Middle Caicos


Middle Caicos is the largest island in the Turks and Caicos chain, boasting an area of 48 square miles and is also one of the least populated. Middle Caicos is famous for its lush agricultural industry, which produces herbs, cassava, okra, guava, tamarinds, apples and corn. The island is an adventurer’s paradise with extensive walking trails, coves and hidden beaches and concealed cave systems. A one mile causeway links North and Middle Caicos. North Caicos is accessed by ferry from Providenciales.

Hiking

Conch Bar Caves
Conch Bar Caves

The Crossing Place Trail, a hike which leads the walker 5 miles along the northern coast is a beautiful induction to the island. With the help of the Turks and Caicos National Trust, the Crossing Path Trail has been reestablished to mirror the route early traders took to move goods from the original settlement of Lorimers in the east to Crossing Place in the west of the island. At Crossing Place planters would wait for the tide to subside and cross the sandbars to North Caicos. The trail is part of a larger push to preserve the northern coastline of Middle Caicos, developing eco-tourism initiatives, which aim to incorporate more hiking and biking trails, interpretive information for caves and other areas, and nature guides.

Mudjin Harbors, a three mile stretch of limestone cliffs overhanging white sand beaches which cuts into the Crossing Place Trail running from Conch Bar Village. Swimming can be dangerous in parts of this stretch and other beaches such as the remote easterly Cedar Point and Bambarra Beach. Bambarra Beach plays host to the annual Valentine’s Day Cup model sailboat race. Middle Caicos also has a long tradition of fishing and with the help of local guides sea fishing, reef fishing and bone trips can be organized.

Caves and Parks


Middle Caicos has a number of beautiful cave systems which provide hours of exploration for families and other adventurers.
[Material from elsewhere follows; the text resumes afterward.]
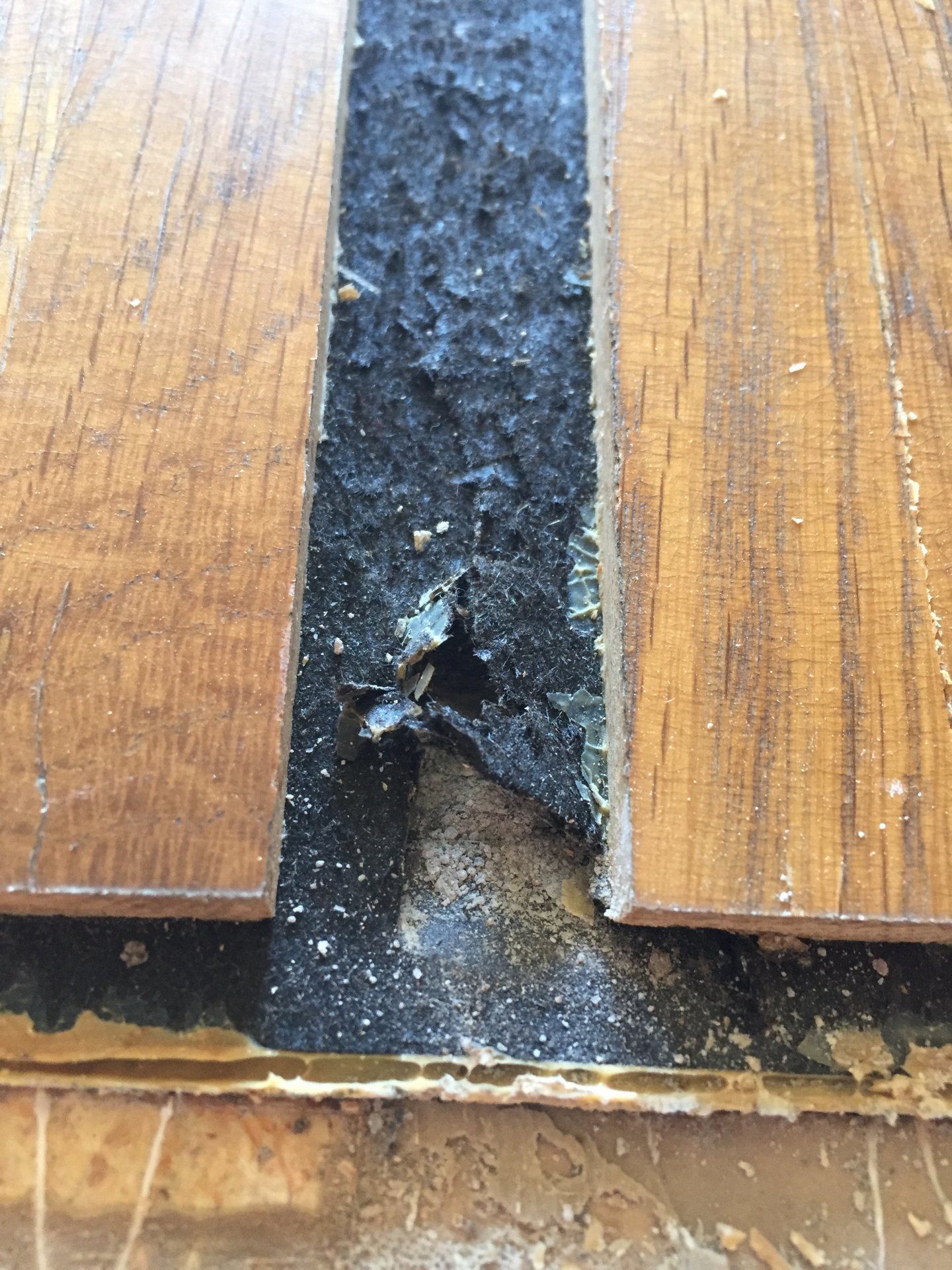 ,schwarzer belag unter parkett

Conch Bar Caves is the largest above-water cave system in the Bahamas-Turks and Caicos island chain and is a Turks and Caicos national park. The limestone caves feature stalactites, stalagmites and columns, along with pools that fluctuate with the ocean tide. As there are no pathways, a tour guide is advisable. The Indian Cave, an Indiana Jones-esque single gallery cave with vines and shrubs wrapping around openings and skylights, is home to many owls, bats, Cuban crows, yellows crowned night herons and anis, as well as a a number of tropical plants. Entrance is free.